- **WHAT YOU ARE ASKED TO DO**
Copying rule for the data below: take the line containing "Wander through a" and every line after it to the end, exactly, and drop all pictures.

===== EXTRACTED ENTRIES

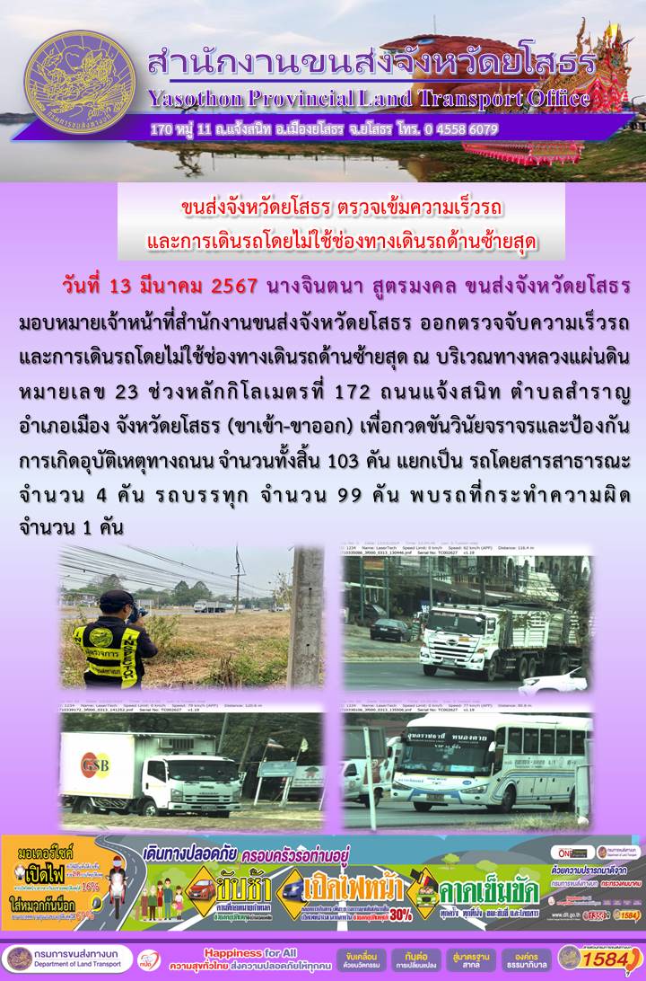 วันที่ 13 มีนาคม 2567 เจ้าหน้าที่สำนักงานขนส่งจังหวัดยโสธร ออกตั้งจุดตรวจจับความเร็ว
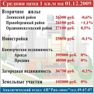 Об изменениях и основных тенденциях на рынке недвижимости Магнитогорска - аналитика от агентства недвижимости ООО «Рио-Люкс». Приведенные цифры действительны на 1 декабря 2009 года.
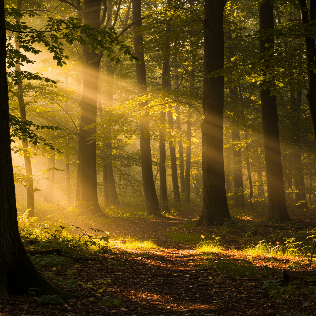 Wander through a forgotten forest where sunlight filters through ancient trees, casting golden patterns on the forest floor. In the heart of this enchanted woodland, discover a hidden grove where time seems to stand still, and the whispers of the past echo softly among the rustling leaves.
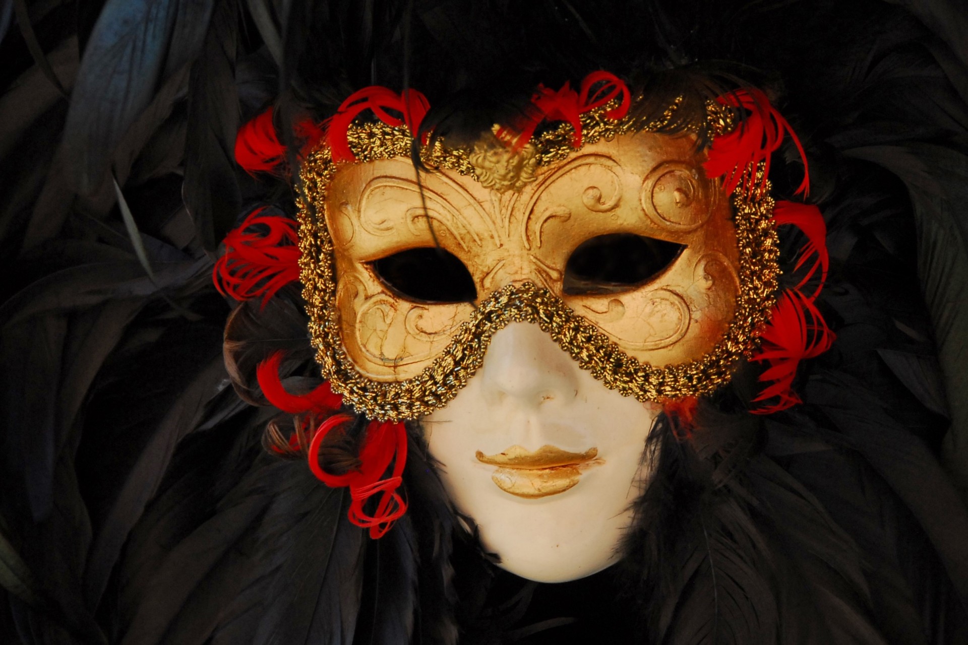 Masque d or sur fond de plumes noires - fond d'écran de bureau
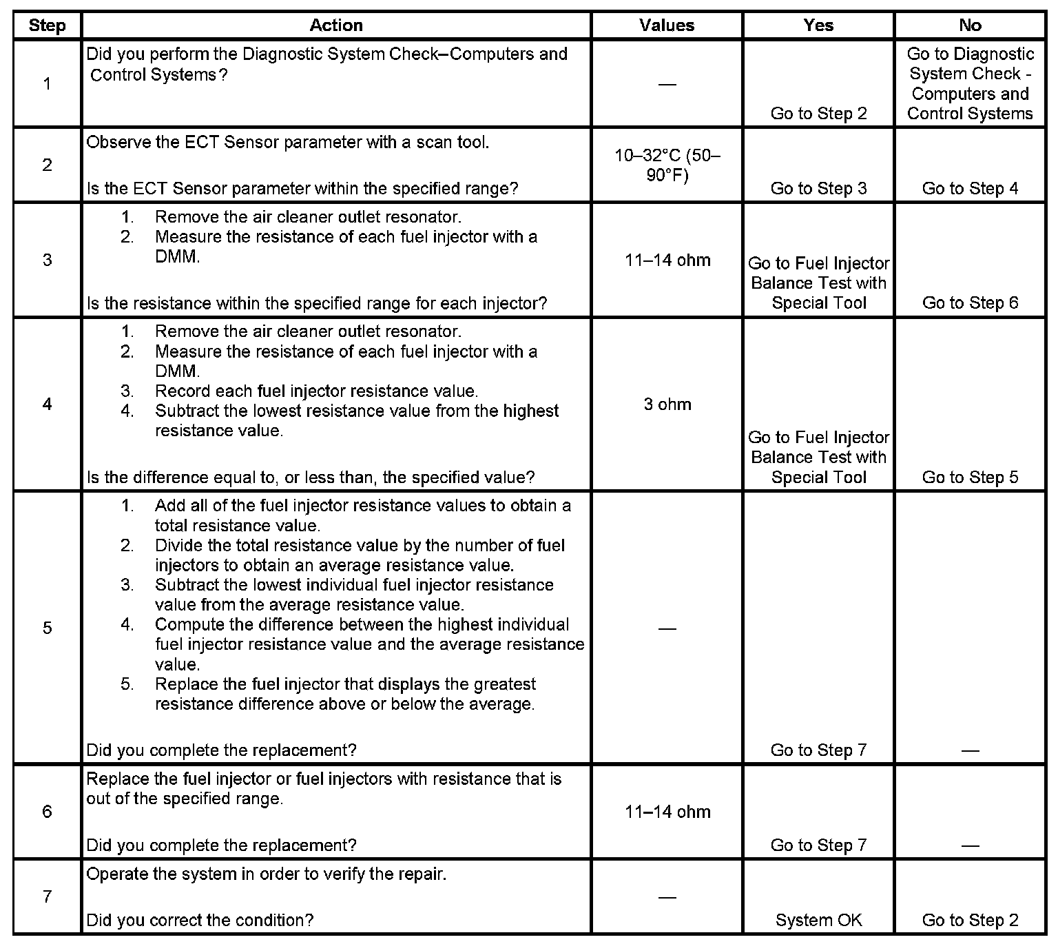 - Perform the fuel injector coil test within the conditions of the customer's concern. A fuel injector condition may only be apparent at a certain temperature, or under certain conditions.

==========

- **EXERCISE RESULT**
 Wander through a forgotten forest where sunlight filters through ancient trees, casting golden patterns on the forest floor. In the heart of this enchanted woodland, discover a hidden grove where time seems to stand still, and the whispers of the past echo softly among the rustling leaves.
 Masque d or sur fond de plumes noires - fond d'écran de bureau
 - Perform the fuel injector coil test within the conditions of the customer's concern. A fuel injector condition may only be apparent at a certain temperature, or under certain conditions.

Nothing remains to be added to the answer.